Они запротестовали. И тогда я потребовал, чтобы они прямо сейчас вспомнили, какая сцена изображена на большом, бросающемся в глаза и сто раз виденном гобелене в соседнем зале. Они не знали. Тогда я спросил их, могут ли они назвать другие произведения искусства, находящиеся в этом зале. Они смогли это сделать лишь на сорок процентов.
Я попросил библиотекаря, господина Гери (идеальное воплощение клерка — черный костюм, белый воротничок и при галстуке), сказать, какой процент из многих тысяч томов его библиотеки находится на руках, а какой почиет вечным покоем,
— Не будем забывать, — добавил я, — что одновременно с количеством, переходящим в качество, качество переходит в количество…
Сын поэта Валери, иракский посол, тайландский министр.
Дамы с последним романом Роб-Грийе, «La Jalousie»[278]. Проходят. Каждая говорит: «Нет, это невозможно дочитать до конца… Но я все же дочитаю! Я дала себе слово, что дочитаю!»

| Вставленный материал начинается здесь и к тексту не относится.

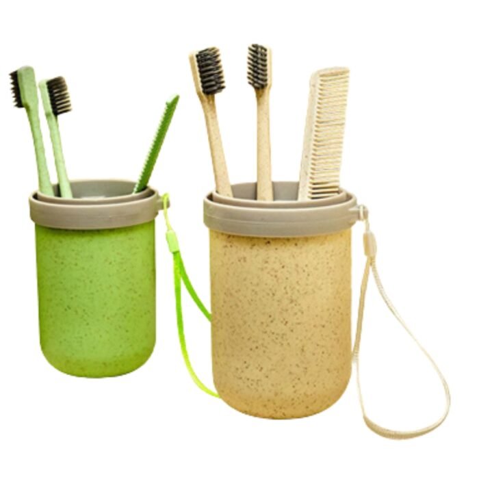 It is available in green and light brown colors. It is compact and lightweight and fits easily into work bags, backpacks, or travel pouches, making it the perfect travel companion for employees and clients on the go. Inside, it comes with two toothbrushes made with charcoal-infused bristles for better oral hygiene and a sturdy comb for daily grooming.

Профессор Люсьен Гольдманн. Коренастый, с воинственной выпяченной грудью, напористый, что-то вроде грузовика или даже корабля тысячетонного водоизмещения. Он был на премьере «Венчания» в театре Рекамье, принимал участие в дискуссиях, объяснял всем направо и налево, в чем весь секрет, наконец даже выступил со статьей во «Франс Обсерватер» озаглавленной «Критика ничего не поняла», в которой дал собственную интерпретацию пьесы. Начало статьи было обещающим. «Венчание», по его мнению, тесно связано с историческими катаклизмами современности, это «историческая хроника, которая обезумела», действие «Венчания» — гротескная пародия на истинные события. Но что потом? Из Пьяницы Гольдманн сделал восставшие массы, из невесты Хенрика — народ, из Короля — государство, а из меня — «польского шляхтича», который заключил в эти символы историческую драму. Я пытался робко протестовать, мол, ладно уж, не спорю, пусть «Венчание» безумная версия безумной истории, пусть в сонном или пьяном развертывании этой акции отражается фантастичность исторического процесса, но чтобы Маня была народом, а Отец государством??.. Ни за что! Гольдманн, профессор, критик, марксист, плечистый, произнес приговор: что, дескать, я не знаю, и что он знает лучше меня! Бешеный марксистский империализм! Им эта доктрина нужна для того, чтобы нападать на людей! Вооруженный марксизмом Гольдманн был субъектом, я же, лишенный марксизма, был объектом; к дискуссии прислушивалось несколько человек, ничуть не удивленных тем, что Гольдманн меня интерпретирует, а не я его.
Каковы последние вести с фронта? Вот именно — с фронта, потому что борьба частично признанного моего величия с этими французами не может прекратиться ни на минуту. Правда, похоже, я мог бы оказаться на тропе войны с теми, кто ничего обо мне не знает или знает мало, и терять жесткость где-то в сторонке с почитателями. Но — и я говорю это серьезно — как бы я выглядел, если бы враг настиг меня в момент такой слабости, когда я с почитателем? Нет, я обязан быть трудным! Трудным! И прежде всего таким, каким я был в Аргентине, ох, ох, если бы я хоть на йоту изменился под влиянием Парижа, это было бы поражение, нет, такой, каким я был с Флором или с Айслером в «Rex’e», таким я обязан быть и теперь, ох, ох, на куполе Инвалидов, на башнях Нотр-Дам отпечататься Флором из Аргентины!
Флором, а то и старошляхетской Польшей! Поэтому я приложил усилия, чтобы сказать двум коммунистам: «Прежде пан был паном, а хам хамом, и было лучше». Я сказал им это под каштанами. Те двое — профессора философии, приехавшие на ницшеанский конгресс, — чрезвычайно этому обрадовались, и какое-то время мы все трое были счастливы.